▶ _INPUT RECORDS_:
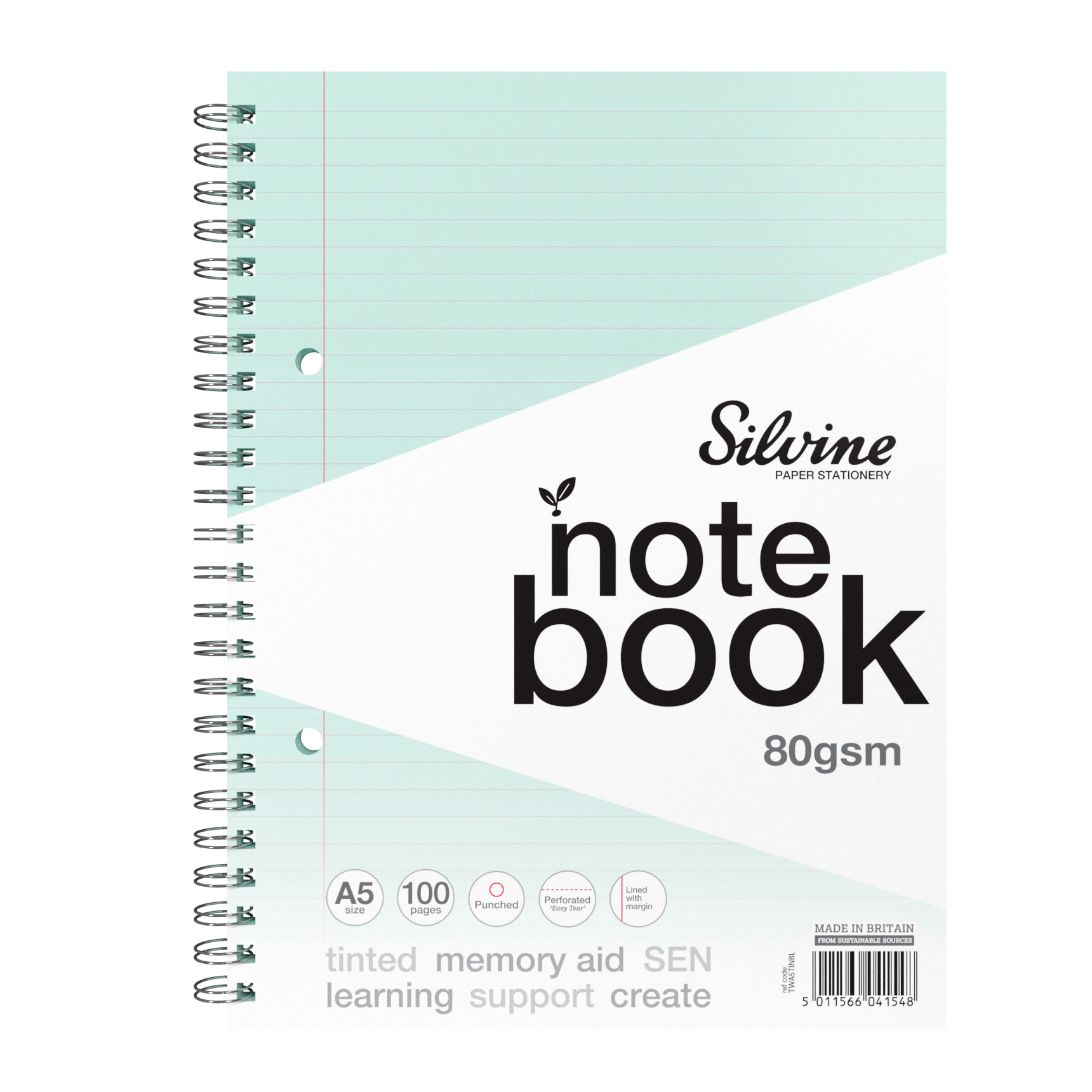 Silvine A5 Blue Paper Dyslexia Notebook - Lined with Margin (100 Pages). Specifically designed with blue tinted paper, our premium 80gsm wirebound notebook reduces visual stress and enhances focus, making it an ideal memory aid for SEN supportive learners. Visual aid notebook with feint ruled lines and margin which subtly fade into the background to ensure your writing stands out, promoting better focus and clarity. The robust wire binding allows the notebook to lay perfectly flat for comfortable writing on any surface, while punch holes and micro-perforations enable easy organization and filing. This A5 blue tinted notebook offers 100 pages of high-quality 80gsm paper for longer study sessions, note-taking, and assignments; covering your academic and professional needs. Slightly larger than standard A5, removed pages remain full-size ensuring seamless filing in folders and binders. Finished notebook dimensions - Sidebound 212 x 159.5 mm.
* * *
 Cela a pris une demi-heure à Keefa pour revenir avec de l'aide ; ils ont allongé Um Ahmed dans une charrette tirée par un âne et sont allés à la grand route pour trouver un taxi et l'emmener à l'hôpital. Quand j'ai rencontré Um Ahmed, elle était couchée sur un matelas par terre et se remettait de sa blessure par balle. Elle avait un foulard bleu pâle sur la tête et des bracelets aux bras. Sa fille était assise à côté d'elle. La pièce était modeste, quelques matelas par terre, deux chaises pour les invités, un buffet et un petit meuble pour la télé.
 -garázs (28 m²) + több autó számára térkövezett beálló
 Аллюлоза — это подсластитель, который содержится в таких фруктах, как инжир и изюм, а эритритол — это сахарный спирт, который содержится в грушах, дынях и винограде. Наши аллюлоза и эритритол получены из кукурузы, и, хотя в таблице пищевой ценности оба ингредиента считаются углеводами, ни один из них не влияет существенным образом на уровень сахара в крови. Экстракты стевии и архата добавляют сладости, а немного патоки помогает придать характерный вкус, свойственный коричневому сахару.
--
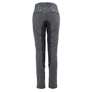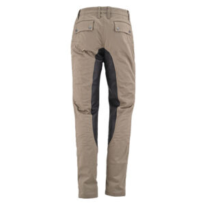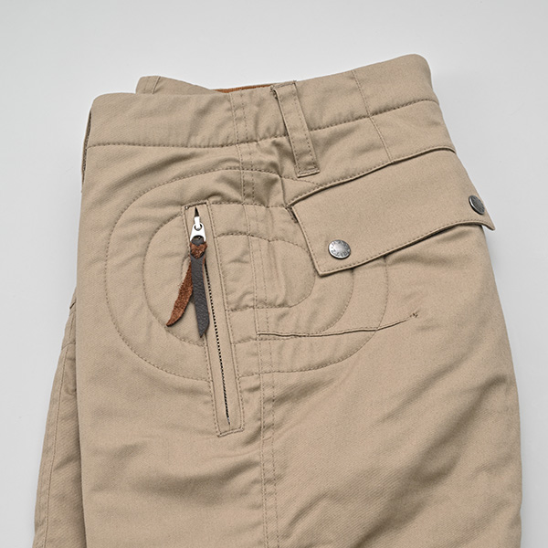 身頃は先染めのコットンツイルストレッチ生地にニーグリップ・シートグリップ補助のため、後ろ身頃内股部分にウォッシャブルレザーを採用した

▶ _DIRECTIONS_:
Take the lines above from the one containing "-garázs (28 m²)" to the one containing "Аллюлоза — это" and retype them exactly, both ends included, with nothing added.

▶ _ANSWER SPACE_:
 -garázs (28 m²) + több autó számára térkövezett beálló
 Аллюлоза — это подсластитель, который содержится в таких фруктах, как инжир и изюм, а эритритол — это сахарный спирт, который содержится в грушах, дынях и винограде. Наши аллюлоза и эритритол получены из кукурузы, и, хотя в таблице пищевой ценности оба ингредиента считаются углеводами, ни один из них не влияет существенным образом на уровень сахара в крови. Экстракты стевии и архата добавляют сладости, а немного патоки помогает придать характерный вкус, свойственный коричневому сахару.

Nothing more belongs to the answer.